▶ _WORK INSTRUCTION_
Your response is a verbatim copy of the listing, stripped of its images.

▶ _DATA LISTING_
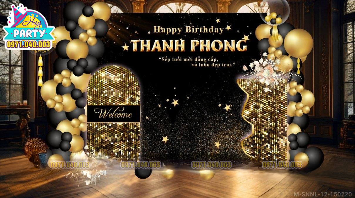 Phong cách tone đen – vàng – bạc, sử dụng bóng bay cao cấp và backdrop thiết kế riêng giúp bữa tiệc trở nên đẳng cấp.
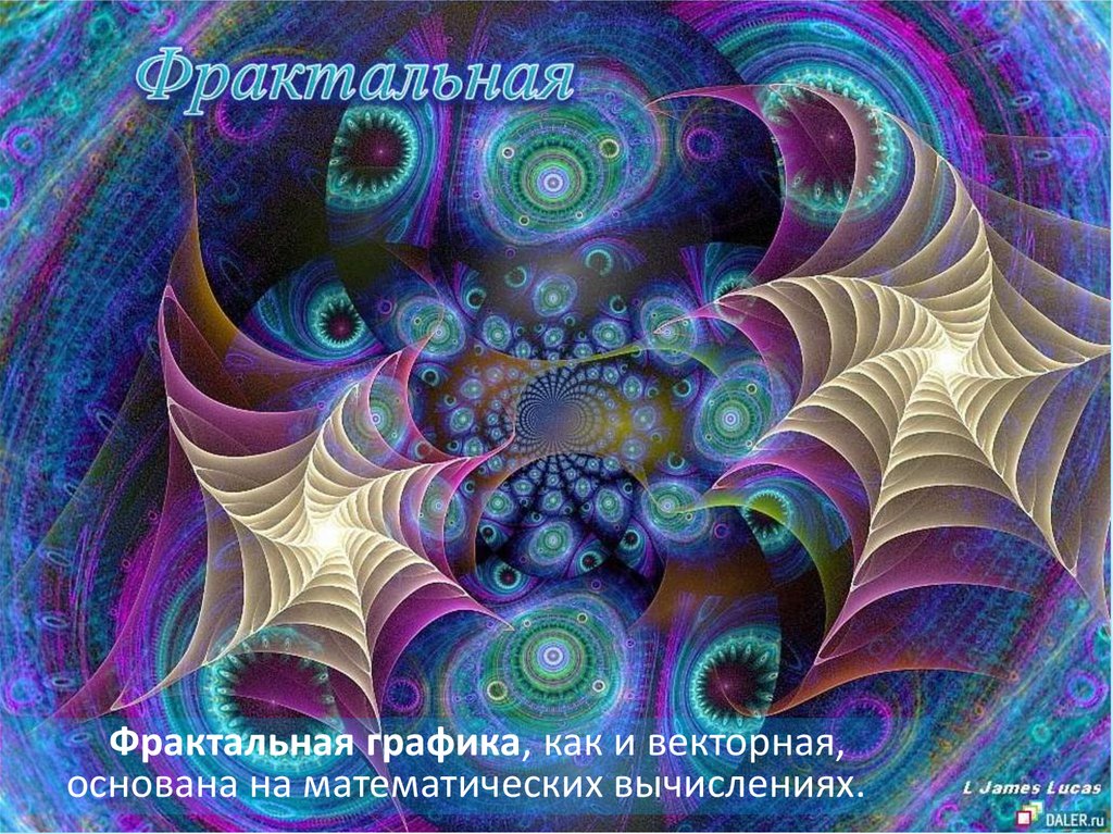 Фрактальная графика, как и векторная,основана на математических вычислениях.
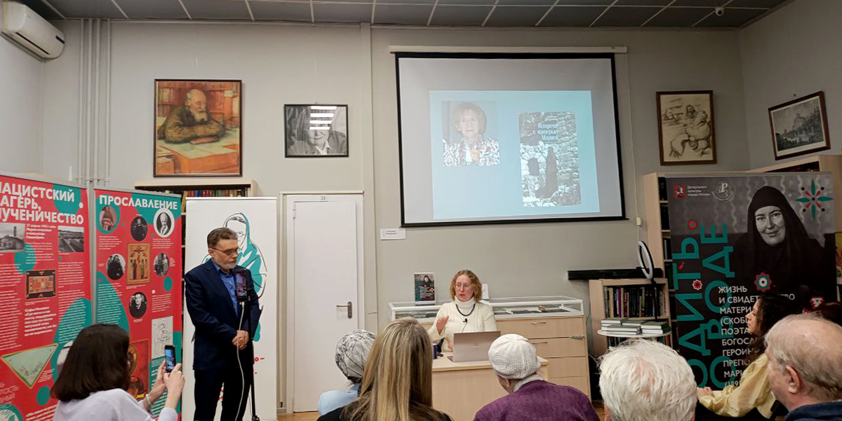 Организатором мероприятия выступил главный библиотекарь, научный сотрудник Библиотеки № 180 имени Н. Ф. Фёдорова, доктор филологических наук Анастасия Гачева представила лектора как ведущего исследователя наследия матери Марии*, автора десятков публикаций.
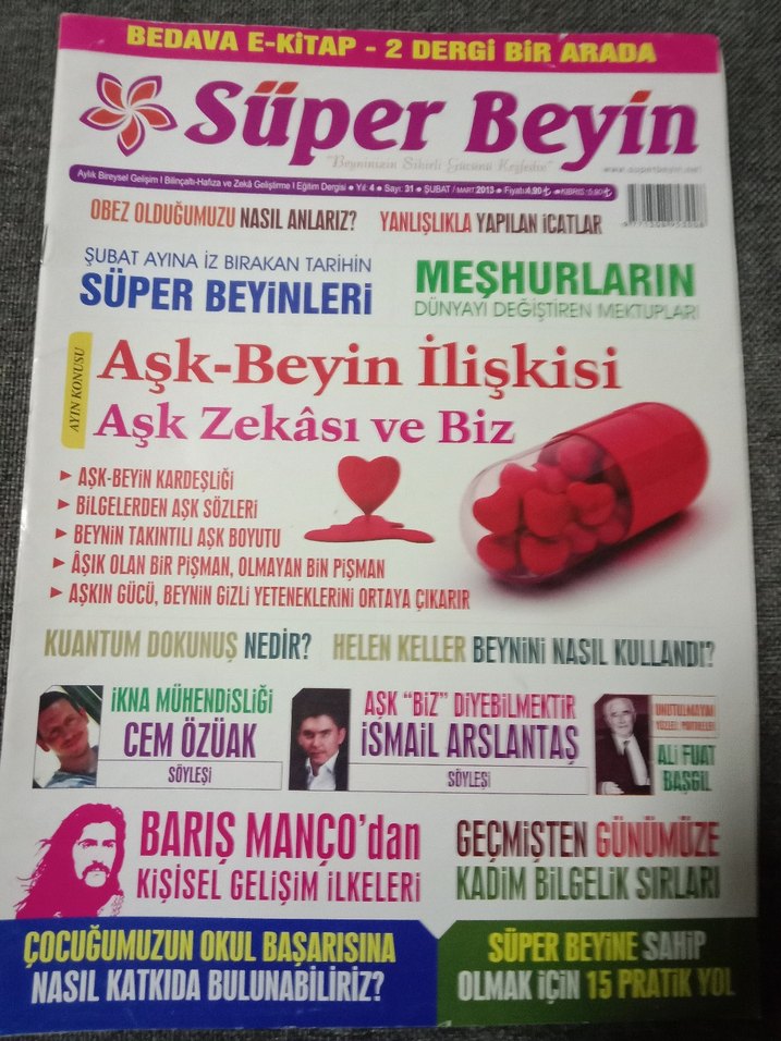 Süper Beyin dergisi, aşk ve beyin zekası ilişkisini inceliyor. Beyin gücü, kişisel gelişim ve çocukların okul başarısına katkı konuları yer alıyor.
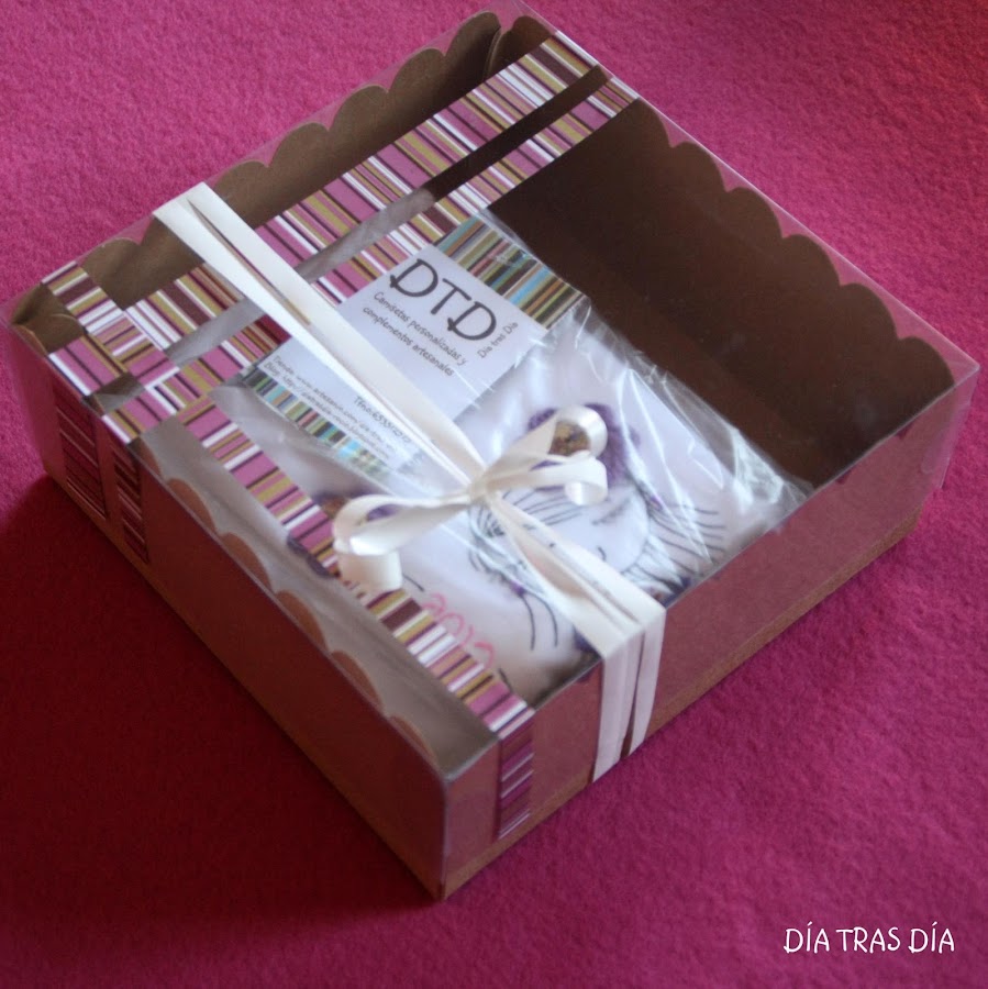Y como se trataba de un regalo de cumpleaños, le envié a Mónica el paquete preparado para la ocasión. Aquí os dejo una foto del empaquetado, que decoré con un pequeño detalle en tonos malvas y rosas, como la gama que había elegido para los complementos de Ro-ro:
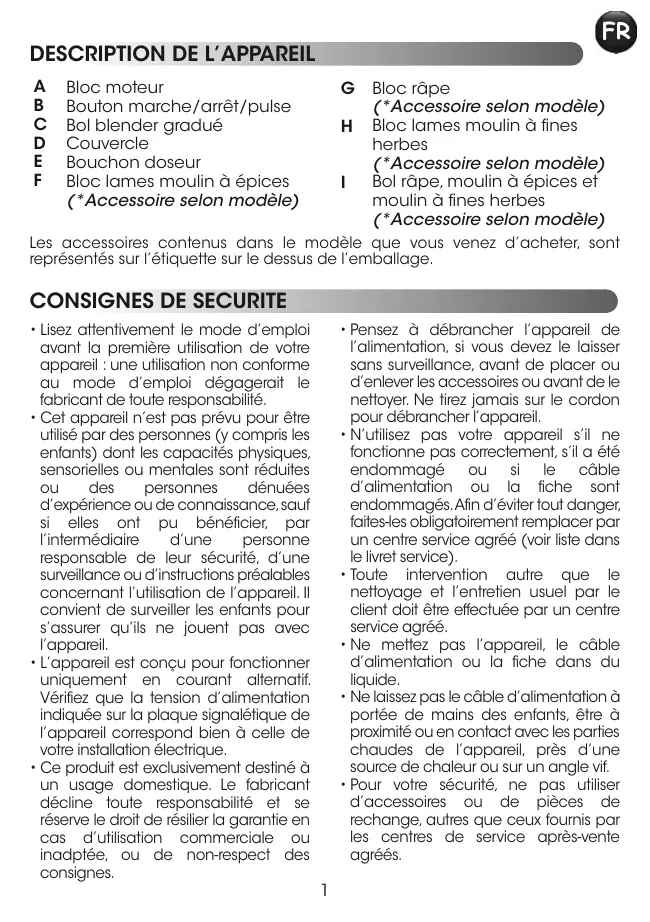(F)*, (G)* ou (H)* d'un quart de tour vers la gauche (fig 4). 5- Branchez l'appareil et mettez le bouton M/A (B) sur la position "1" ou donnez quelques impulsions sur la position "pulse". Tenir le bol (I)* pendant le fonctionnement. Pour arrêter le blender, ramenez le bouton M/A (B) sur la position “0”. 6- Déverrouillez l'accessoire en le tournant d'un quart de tour dans le sens inverse des aiguilles d'une montre. Retirez l'accessoire assemblé (F)*, (G)* ou (H)* du bloc moteur. Retournez-le sur le plan de travail avant de déverrouiller le bloc lames (F)*, (G)* ou (H)* du bol (I)*en procédant à l'inverse de la mise en place.Vous pouvez alors récupérer la préparation dans le bol.
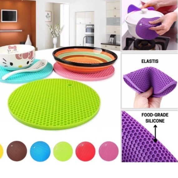 Keunggulan Produk : - Tahan Panas dan tidak licin - Dapat digunakan untuk alas piring, mangkok, panci sayur, teko, dll - Mudah dibersihkan karena terbuat dari bahan silicon yang berkualitas dan tidak lengket - Bahannya lembut dan bisa ditekuk , bisa berfungsi sebagai alas pegangan pengangkat kuali atau panci yang panas
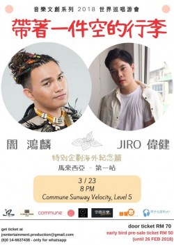 續之前引進大馬的香港唱作人獲得熱烈反應之後,這次演出項目非常特別。制作人 JIRO 偉健專程遠赴臺灣有“來自山上好聲音”之稱的原住民歌手闇鴻麟,為這次演出跨國性合作。音樂會起名為「帶著一件空的行李」,目的是想要大家可以全面性松懈的狀態,擺脫外來的束縛 以最純樸的聲音讓現場的朋友們可以感受並獲得正面能量。

▶ _SOLUTION TO THIS PROBLEM_
 Phong cách tone đen – vàng – bạc, sử dụng bóng bay cao cấp và backdrop thiết kế riêng giúp bữa tiệc trở nên đẳng cấp.
 Фрактальная графика, как и векторная,основана на математических вычислениях.
 Организатором мероприятия выступил главный библиотекарь, научный сотрудник Библиотеки № 180 имени Н. Ф. Фёдорова, доктор филологических наук Анастасия Гачева представила лектора как ведущего исследователя наследия матери Марии*, автора десятков публикаций.
 Süper Beyin dergisi, aşk ve beyin zekası ilişkisini inceliyor. Beyin gücü, kişisel gelişim ve çocukların okul başarısına katkı konuları yer alıyor.
Y como se trataba de un regalo de cumpleaños, le envié a Mónica el paquete preparado para la ocasión. Aquí os dejo una foto del empaquetado, que decoré con un pequeño detalle en tonos malvas y rosas, como la gama que había elegido para los complementos de Ro-ro:
(F)*, (G)* ou (H)* d'un quart de tour vers la gauche (fig 4). 5- Branchez l'appareil et mettez le bouton M/A (B) sur la position "1" ou donnez quelques impulsions sur la position "pulse". Tenir le bol (I)* pendant le fonctionnement. Pour arrêter le blender, ramenez le bouton M/A (B) sur la position “0”. 6- Déverrouillez l'accessoire en le tournant d'un quart de tour dans le sens inverse des aiguilles d'une montre. Retirez l'accessoire assemblé (F)*, (G)* ou (H)* du bloc moteur. Retournez-le sur le plan de travail avant de déverrouiller le bloc lames (F)*, (G)* ou (H)* du bol (I)*en procédant à l'inverse de la mise en place.Vous pouvez alors récupérer la préparation dans le bol.
 Keunggulan Produk : - Tahan Panas dan tidak licin - Dapat digunakan untuk alas piring, mangkok, panci sayur, teko, dll - Mudah dibersihkan karena terbuat dari bahan silicon yang berkualitas dan tidak lengket - Bahannya lembut dan bisa ditekuk , bisa berfungsi sebagai alas pegangan pengangkat kuali atau panci yang panas
 續之前引進大馬的香港唱作人獲得熱烈反應之後,這次演出項目非常特別。制作人 JIRO 偉健專程遠赴臺灣有“來自山上好聲音”之稱的原住民歌手闇鴻麟,為這次演出跨國性合作。音樂會起名為「帶著一件空的行李」,目的是想要大家可以全面性松懈的狀態,擺脫外來的束縛 以最純樸的聲音讓現場的朋友們可以感受並獲得正面能量。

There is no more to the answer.